The quirk described in the link given is when those "arbitrary numbers" in step 3 are zeros. The PolyMod requests a payload with 6 zeros appended to be checksummed (and trailing zeros make a difference in this case as c is nonzero), and the checksum should come just after the payload, if we want the checksum to be correct. You can add zeros to the end, and it'll stay correct. Only the XOR-1 thing has to be done.

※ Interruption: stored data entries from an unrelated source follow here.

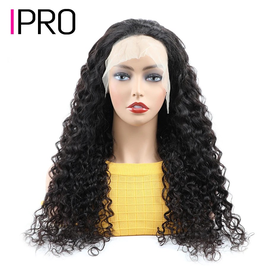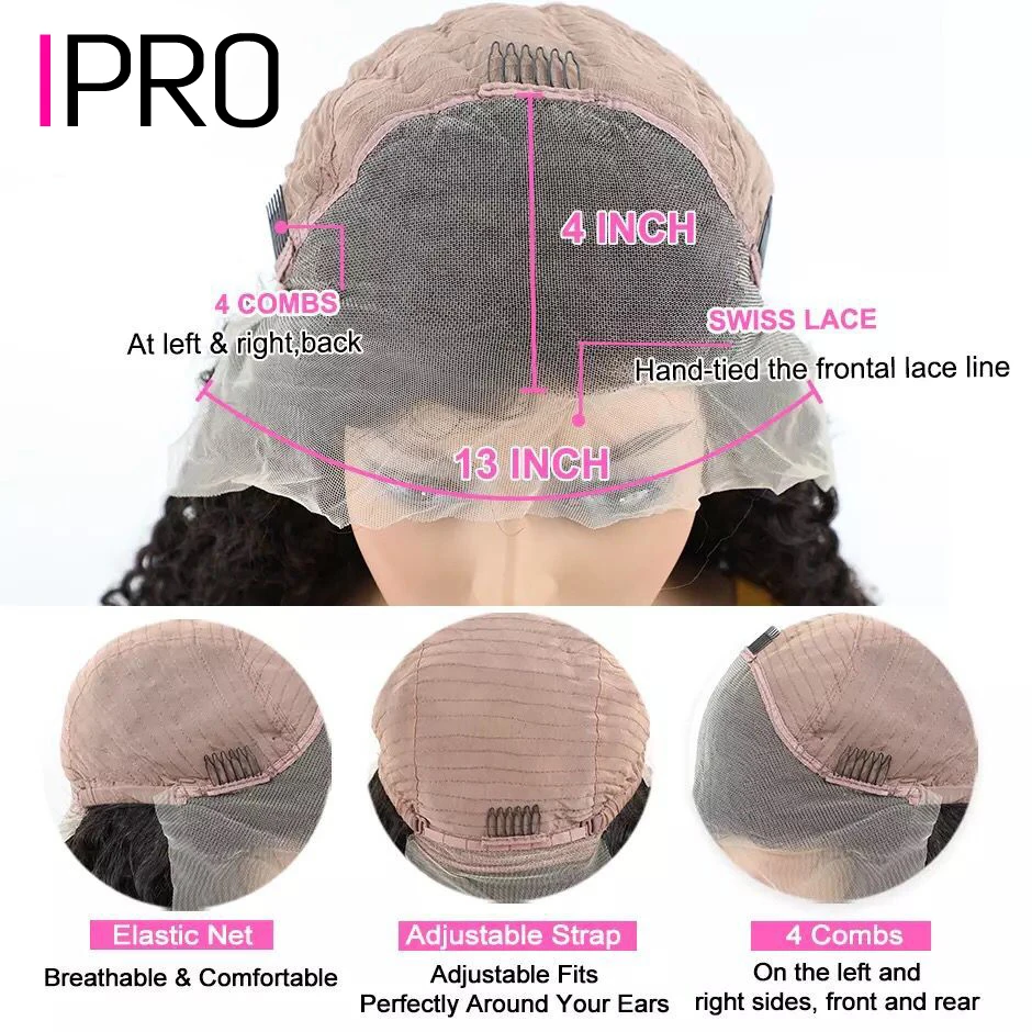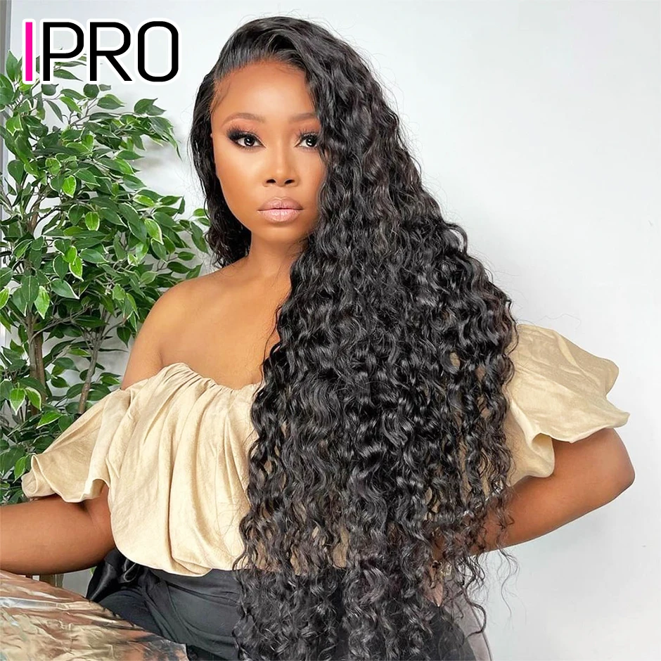 Парик IPRO Water Wave 13x4 HD, парики из натуральных волос на сетке спереди, предварительно выщипанные бразильские волнистые фронтальные парики, парик с 180% вьющимися волосами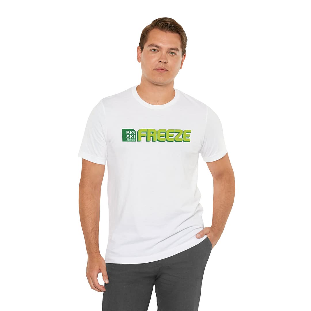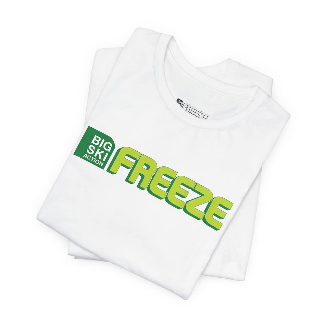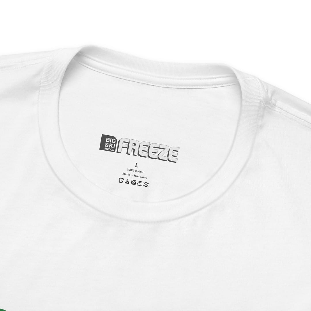 Relive the golden era of freeskiing with this limited-edition reprint: the iconic 2002 Big Ski Action Logo straight from the original Freeze Magazine archives—printed on a premium white tee.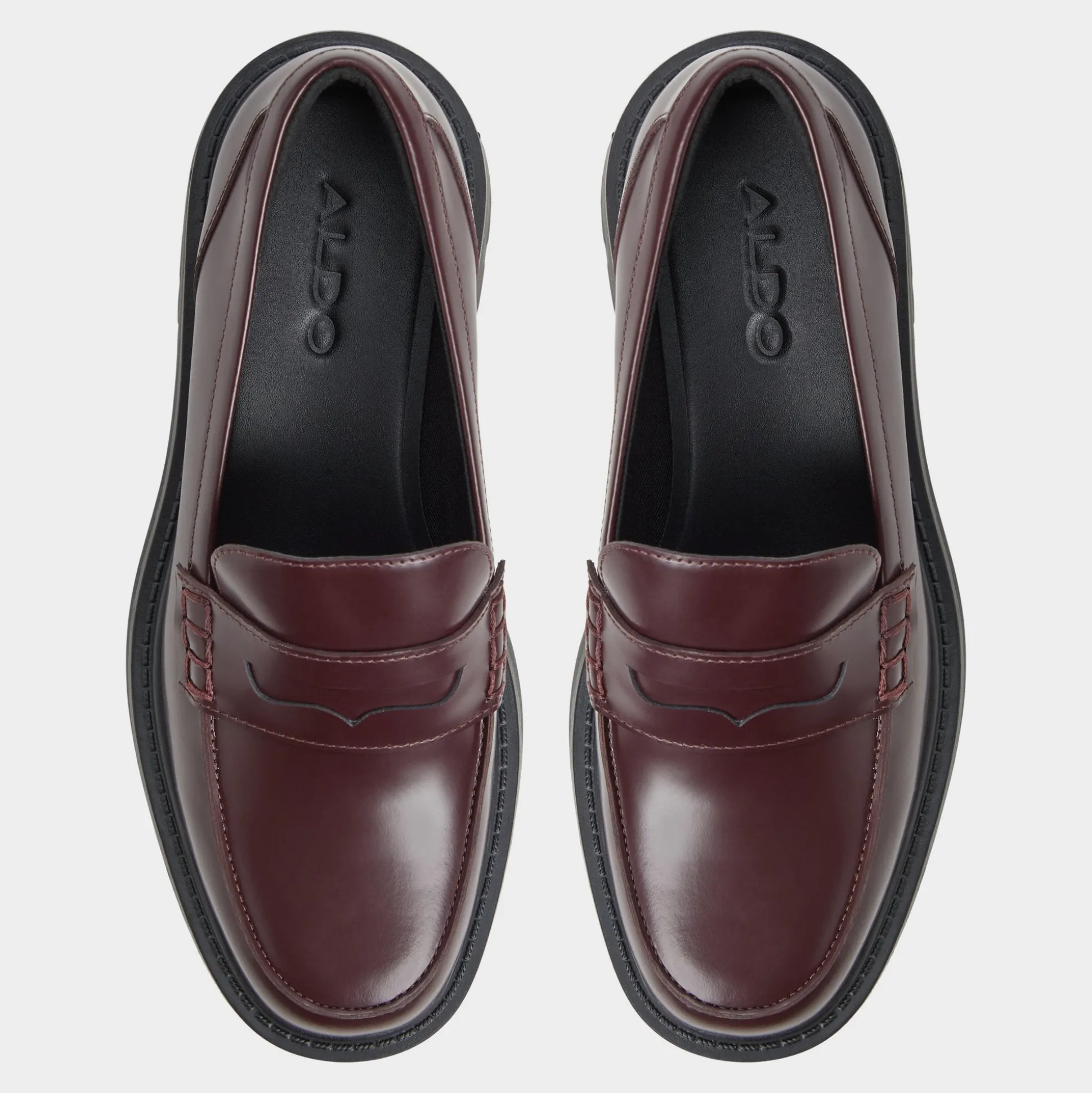 Glossy burgundy leather shapes this refined penny loafer, with a chunky lug platform sole adding stealth height and street-smart grip, transforming it into a power move for long lectures and commutes. Pair with pleated minis for campus coffee runs or ground an oversized blazer set when pitch meetings demand cool confidence.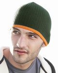 Stylish knit cap with contrasting stripe at bottom.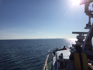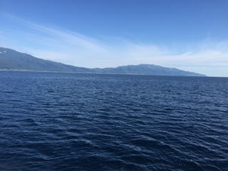 最終日は国後島を船に乗って、見に行きました。羅臼から国後島は20kmほど離れています。10kmほどなら近づくことが出来るそうです。それ以上近づくとロシア船に拿捕されるそうで、まさに国境の上まで近づくことが出来ました。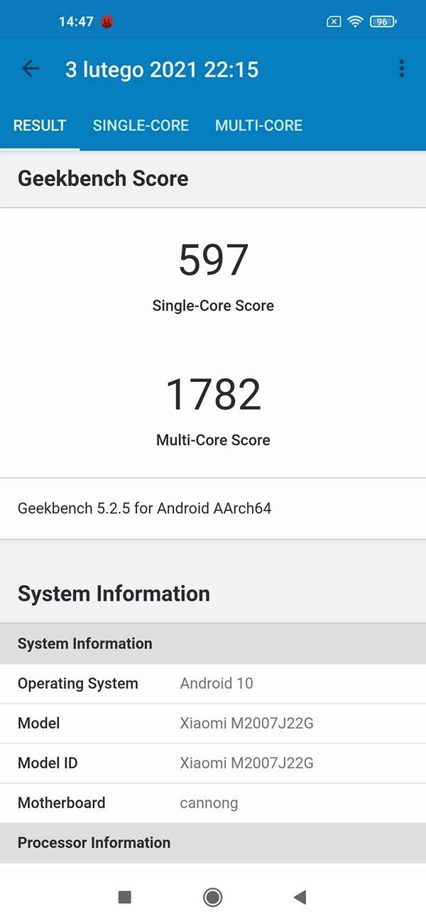 Smartfon działa w oparciu o Androida 10 wraz z nakładką MIUI w wersji 12.0.1. Pisząc o potrzebie aktualizacji nie mam (o dziwno) na myśli upgrade do Androida 11, a o stabilności obecnego systemu. A ten potrafi być kapryśmy – niejednokrotnie aplikacje, również te wbudowane, potrafiły się zawieszać. Co prawda nie było wtedy konieczności restartowania telefonu, ale częstotliwość występowania tej przypadłości każe wykluczyć przypadek. W dodatku niektóre aplikacje (np. 3D Mark) miały problemy z połączeniem się z internetem. Mam nadzieję, że zostanie to poprawione w aktualizacjach.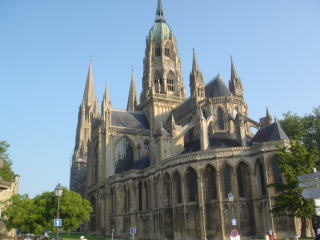 | 宿泊地・バイユーへ着いたのは夕方だが、日が長いので観光には充分。世界遺産になっている長さ70mの刺繍タペストリーを見に。光に当って色褪せるのを防ぐため、暗〜い室内に展示されている布を、オーディオガイドを手にゆっくり見て廻る。11世紀にイングランドに侵入し、一時は支配したノルマンディ公国の王ウィリアムには大義があったと主張する内容が、丁寧に刺繍されていて眼を見張る。 町は往時ノルマンディ公国の首都だった、小さいけれどとても雰囲気のある古都で、大聖堂も立派。大聖堂の前には古代の遺跡もある。 |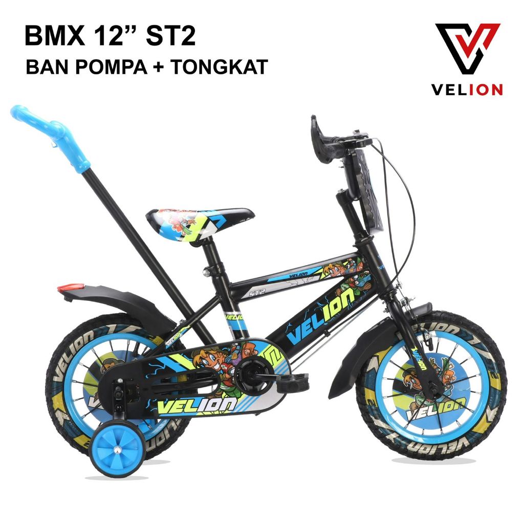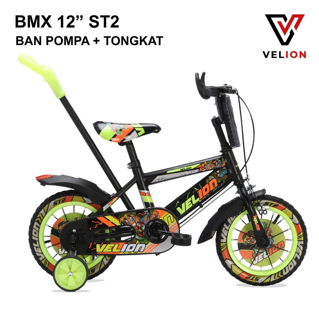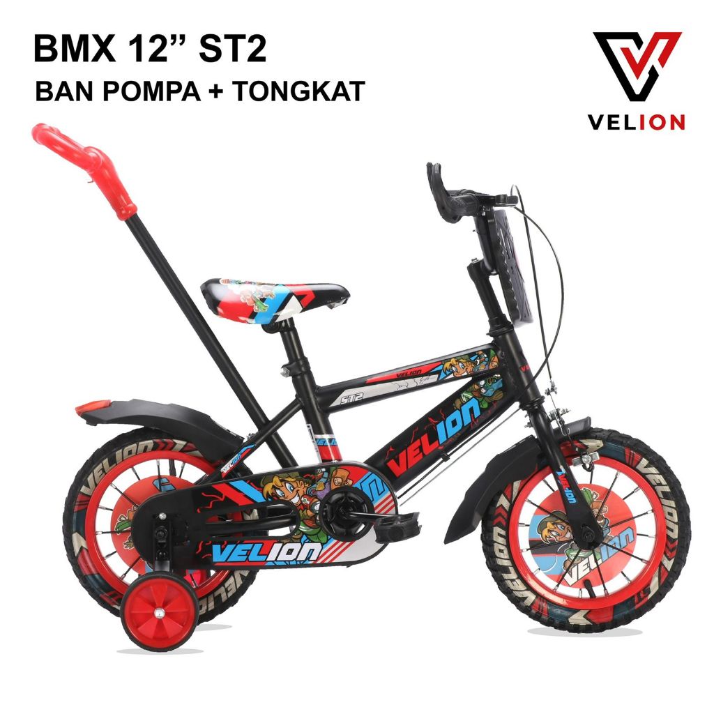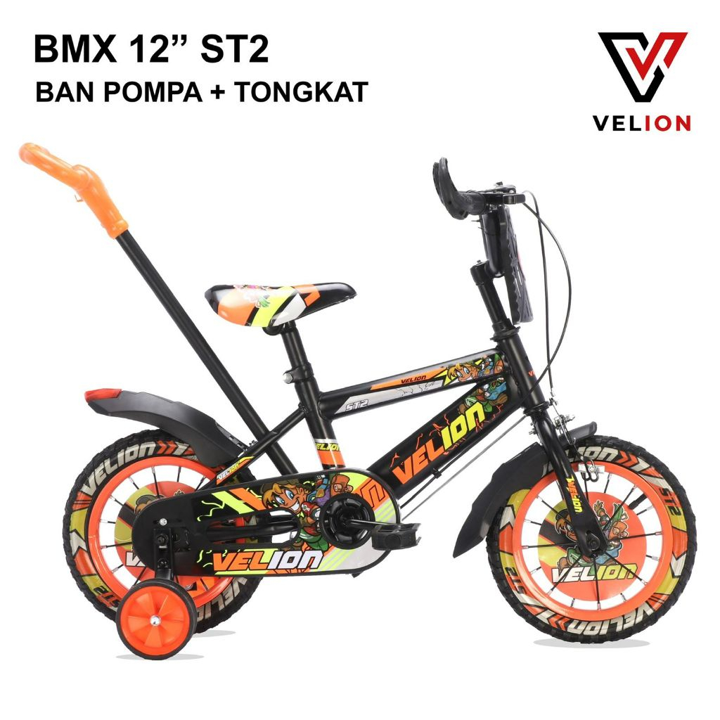 Sepeda BMX 12" VELION SALVO Ban Pompa Fitur Tongkat Setir Bisa Belok dan Polos (Anak Usia 3-5 Tahun) Bonus Botol Air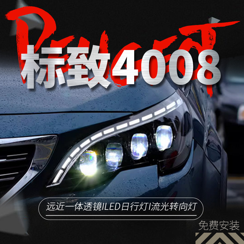 LED Projector Headlight Assembly with DRL Sequential Turn Signal for Peugeot 4008 5008

## Alternative explanation without distracting details

Here's how the BCH checksum works and why it's unique:

If you give the PolyMod function a payload and 6 empty bytes (which is the length of the signature) it'll give you a value.

If you serialize this value in the place of the last 6 empty bytes and call the PolyMod function, it'll return zero. Whenever the checksum is correct, it returns zero. You can then discard the last 6 bytes and use the rest while decoding

Consider the PolyMod function's state after the payload and the checksum is processed. It returns zero, which is the value of the c variable (you can look at the code at the top). Same for c0. Since then, as long as v_i equals zero, c will stay zero. Therefore you can append zeros at the end without breaking the checksum. Or the converse, if you have a valid address, you can remove zeros at the end.

Plus some Xor-ing with 1, as I explained in the middle of the post. In Bech32 alphabet, p ^ 1 = q and q ^ 1 = p.